O'connor and the 2005 Term
JFN
jfnbl at earthlink.com
Thu Oct 27 12:00:36 PDT 2005
At 12:14 PM -0400 10/27/05, JMHACLJ at aol.com wrote:
>In a message dated 10/27/2005 11:29:58 A.M. Eastern Daylight Time,
>SLevinson at law.utexas.edu writes:
>
>In case it's necessary to say, I take no pleasure in Ms. Meirs
>withdrawal, especially given recent disclosures that suggest that
>she is indeed capable of thinking for herself.
>
>Some had never doubted her ability to think for herself.

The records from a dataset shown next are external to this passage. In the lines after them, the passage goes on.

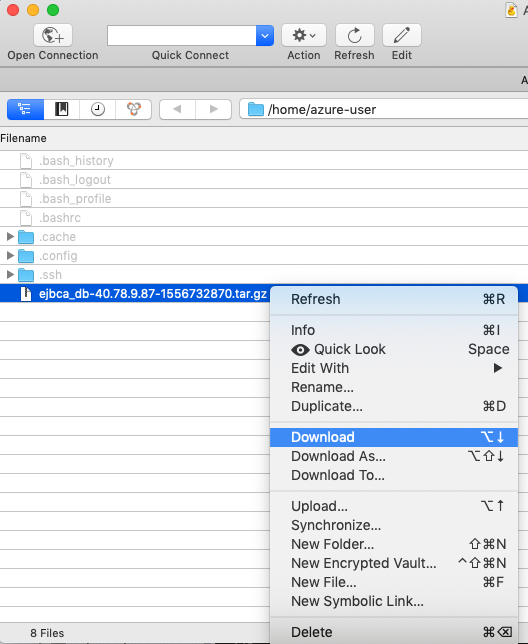 If using the CLI, the command will be a bit different since you are copying local to remote.CODE# scp ~/Downloads/ejbca_db-40.78.9.87-1556732870.tar.gz azure-user@52.246.249.239:/home/azure-user/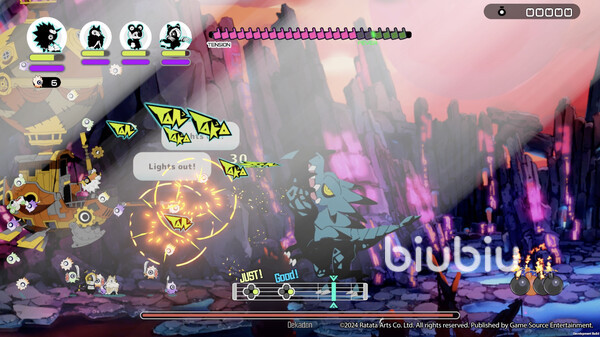 在擁有了良好的網(wǎng)絡(luò)后,那么Ratatan有哪些好玩的地方呢?首先,就不得不提鼓點(diǎn)機(jī)制,游戲沿用了此前的《啪嗒砰》系列作者研發(fā),研發(fā)了指令輸出戰(zhàn)斗節(jié)奏的方法, 玩家需要熟練掌握各個(gè)指令節(jié)點(diǎn),并在戰(zhàn)斗中與音樂節(jié)拍完美搭配使用,指令除了提供如攻擊、跳躍等攻擊動(dòng)作外,還有可以指令使用炸彈,鐮刀等,讓戰(zhàn)斗整體變得非常有趣。另外,游戲中增加了多人聯(lián)機(jī)版本,增加了社交屬性,支持隨機(jī)匹配和好友聯(lián)機(jī),讓游戲變得更有互動(dòng)性。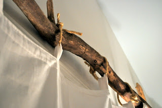 I made these curtain hooks from a bunch of roping. I tied them up to a piece of driftwood. Very low cost—but chic right?!?!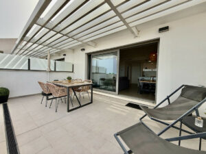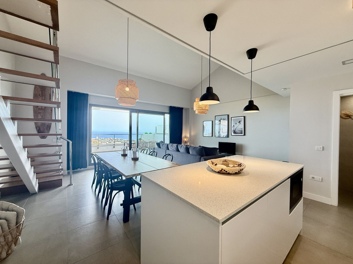 En planta baja nos encontramos el salón comedor con salida a terraza de planta baja con vistas panorámicas al mar, con la cocina en isla equipada con electrodomésticos de última generación, aseo para invitados.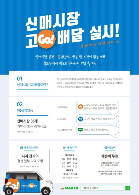 | ↑↑ 시장에서 구매한 상품을 집으로 배달하는 상품배달대행서비스, 신매시장 'GO배달' 홍보물 |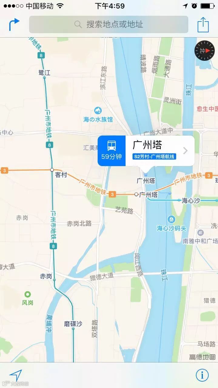 另外,地图 App 还能显示出特定交通线的站点,只需点击你想了解的路线,各个站点就会浮现。但这个功能仅适用于 Apple 地图提供路线支持的城市,比如广州。

>Nonetheless, the suggestion that some recent disclosure had
>evidenced this character trait gives me pause, and I ask, without
>any right to answer, what recent revelations carried this water for
>you?
>
Yesterday's Washington Post reported on a 1993 speech in which she
argued that issues marked by religious division should be left to
"self-determination" rather than government, another in which she
praised Ruth Ginsburg's nomination by Clinton, and still another in
which she predicted the eventual election of a woman president or
vice-president and pointed to Texas Gov. Ann Richards as a good
possibility. In the aftermath, Concerned Women for America called for
her withdrawal, the Family Research Council expressed concern that
her views "lean toward judicial activism," Lawrence Leo reportedly
told the White House he wanted to go back to his job at the
Federalist Society, and one conservative Republican on the Judiciary
Committee reportedly advised the White House to withdraw the
nomination.
Is it mistaken to view this situation as unprecedented? Nominees have
been rejected on ideological grounds -- arguably Fortas, certainly
Bork -- because their ideological commitment could be portrayed as
political bias or judicial activism. But has any nominee ever been
rejected or withdrawn because he wasn't sufficiently committed to the
liberal or conservative orthodoxy of the President's own party?